ЧАСТЬ ТРЕТЬЯ. Перевод Д. Горбова и Т. Аксель
(I - III - перевод Д. Горбова; IV - XIV - перевод Т. Аксель)
...я человек, Юпитер, а каждый человек обязан найти свой путь.
Жан-Поль Сартр
Часть первая
I
...Все было знакомо - сад, забор с поломанным штакетником, старое грушевое
дерево - рисунок тушью по низкому горизонту; под деревом старик ковыряет
лопатой землю, а выпрямился - оказывается, это учитель химии в поношенном
сатиновом халате с карманом, который оттопыривает захватанный блокнот. Вот он
ткнул пальцем в воздух. Ошиблись, пан учитель! Сегодня нет опроса. Вы лентяй,
садитесь! Заметил, как за спиной химика дурачится Итка, передает что-то
условной азбукой на пальцах, а он никак ее не поймет.
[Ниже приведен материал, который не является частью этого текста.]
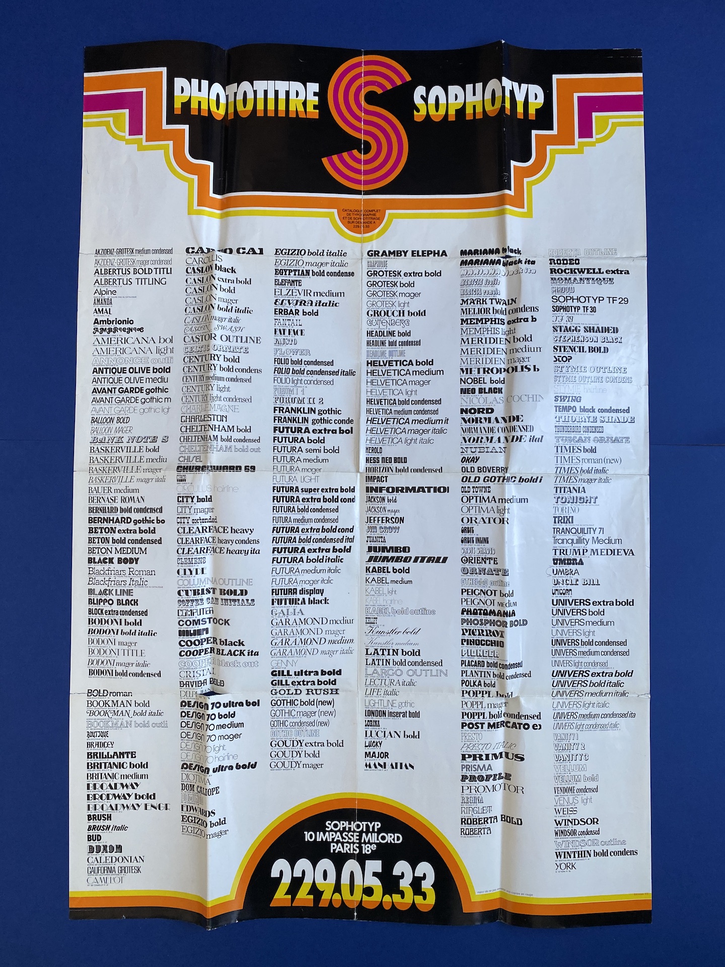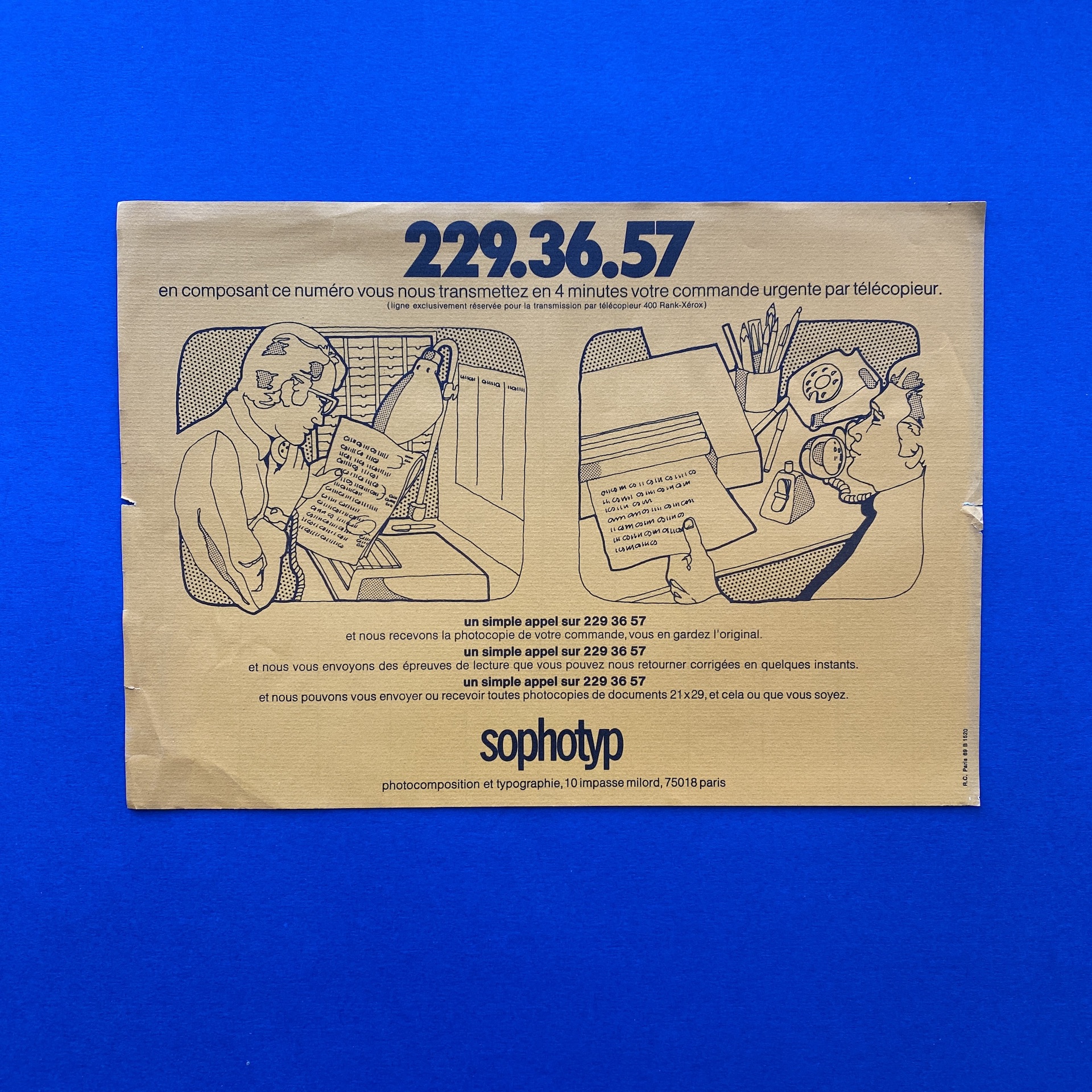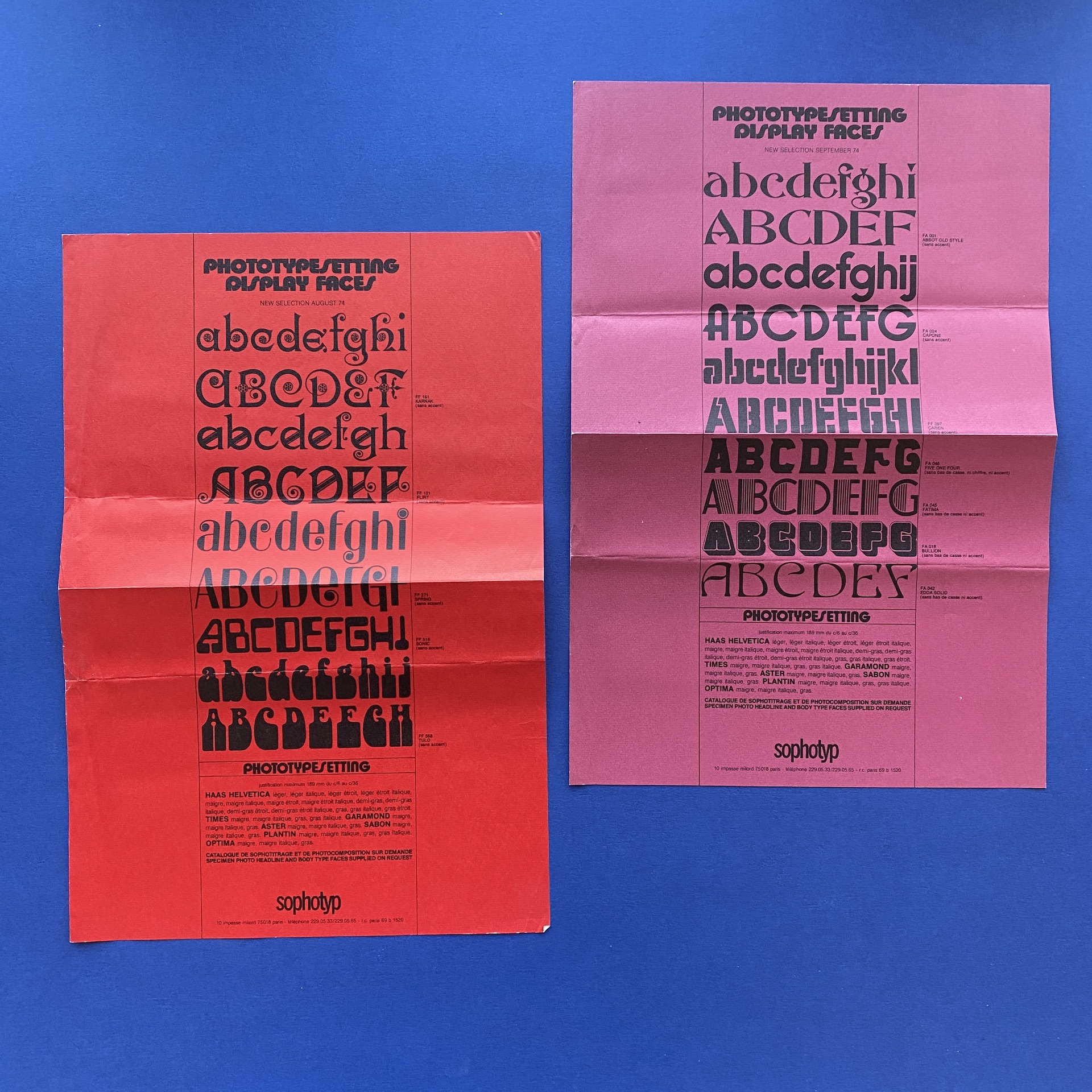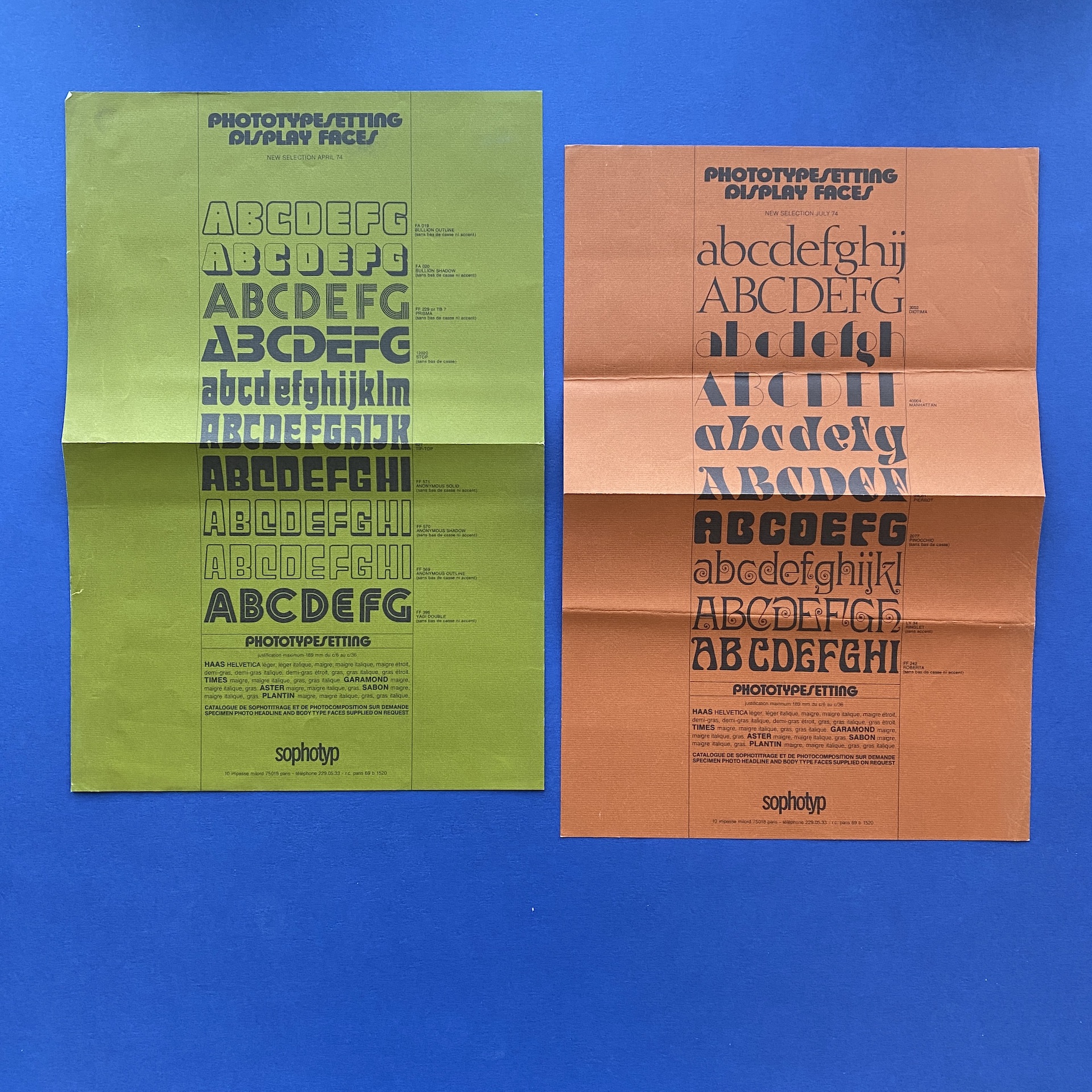 Sophotyp Poster set, including one large poster in poor condition (72 x 109 cm). A Sophotitrage poster in very good condition. (59 x 81). 5 Phototype posters in different colors (27 x 40) and 2 inserts.

Побежал за ней по
мокрому лугу, догнал уже в лесу, под триангуляционной вышкой; она ловко
взбирается по подгнившим перекладинам - вверх, вверх, в облака! Над вершинами
сосен - вольный простор, ветер гуляет, скрипит деревянная вышка, а они сидят
рядышком, болтают ногами над пропастью. Откуда вы взялись, Манон? Ведь вы
должны быть в рейхе, Эшбах в Саксонии... Пришла ко мне открытка с безобразной
площадью. Жива ли ты? Отчего это, Манон, я, хотя мне всего шестнадцать лет...
О кавалер де Грие, ваша Манон теперь повязывает голову платочком, а ладони у
нее как терка... Засмеялись. Голоса отдаются будто под сводом, с ними
смешивается металлический лязг контрольных часов...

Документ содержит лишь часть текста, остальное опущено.